[Exercise details]: When the line with "Россельхозбанк по адресу" appears below, start repeating lines exactly, and keep going through the line with "老品牌【正泰】空气开关新款【"; add nothing outside that span.

[Data to examine]:

☆ ☆ ☆ ☆

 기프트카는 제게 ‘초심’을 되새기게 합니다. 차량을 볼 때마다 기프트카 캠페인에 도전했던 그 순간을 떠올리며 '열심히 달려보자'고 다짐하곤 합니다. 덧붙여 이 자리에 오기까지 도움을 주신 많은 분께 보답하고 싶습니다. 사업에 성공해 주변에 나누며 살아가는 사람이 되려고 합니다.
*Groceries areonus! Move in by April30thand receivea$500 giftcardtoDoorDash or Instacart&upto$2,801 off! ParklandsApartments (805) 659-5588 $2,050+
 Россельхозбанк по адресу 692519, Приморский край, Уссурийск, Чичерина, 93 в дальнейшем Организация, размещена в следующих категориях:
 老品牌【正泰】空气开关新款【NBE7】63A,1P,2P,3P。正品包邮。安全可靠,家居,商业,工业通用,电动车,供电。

☆ ☆ ☆ ☆

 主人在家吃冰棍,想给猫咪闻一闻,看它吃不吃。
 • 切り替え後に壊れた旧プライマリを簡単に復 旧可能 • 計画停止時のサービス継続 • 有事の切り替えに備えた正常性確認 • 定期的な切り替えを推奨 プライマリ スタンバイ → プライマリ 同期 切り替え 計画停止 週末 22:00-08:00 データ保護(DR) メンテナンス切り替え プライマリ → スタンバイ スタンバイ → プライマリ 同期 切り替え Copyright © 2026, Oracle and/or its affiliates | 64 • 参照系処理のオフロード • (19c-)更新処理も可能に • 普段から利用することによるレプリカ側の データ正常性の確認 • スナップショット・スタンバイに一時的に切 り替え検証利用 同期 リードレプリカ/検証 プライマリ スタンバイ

☆ ☆ ☆ ☆

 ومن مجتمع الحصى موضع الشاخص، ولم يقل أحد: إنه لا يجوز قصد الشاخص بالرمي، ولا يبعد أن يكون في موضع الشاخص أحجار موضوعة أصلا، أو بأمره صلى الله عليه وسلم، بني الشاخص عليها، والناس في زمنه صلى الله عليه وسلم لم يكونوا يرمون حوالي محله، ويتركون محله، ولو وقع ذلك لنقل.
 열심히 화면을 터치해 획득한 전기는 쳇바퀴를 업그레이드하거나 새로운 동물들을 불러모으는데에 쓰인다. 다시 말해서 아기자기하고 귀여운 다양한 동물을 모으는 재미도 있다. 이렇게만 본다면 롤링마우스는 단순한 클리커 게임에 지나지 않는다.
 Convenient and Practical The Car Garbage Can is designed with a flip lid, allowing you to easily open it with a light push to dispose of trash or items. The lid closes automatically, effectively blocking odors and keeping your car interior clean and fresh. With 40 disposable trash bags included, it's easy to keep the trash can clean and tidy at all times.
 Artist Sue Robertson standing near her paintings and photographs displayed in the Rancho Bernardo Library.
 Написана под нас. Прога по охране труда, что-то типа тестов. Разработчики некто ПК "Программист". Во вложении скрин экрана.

☆ ☆ ☆ ☆

[Task solution]:
 Россельхозбанк по адресу 692519, Приморский край, Уссурийск, Чичерина, 93 в дальнейшем Организация, размещена в следующих категориях:
 老品牌【正泰】空气开关新款【NBE7】63A,1P,2P,3P。正品包邮。安全可靠,家居,商业,工业通用,电动车,供电。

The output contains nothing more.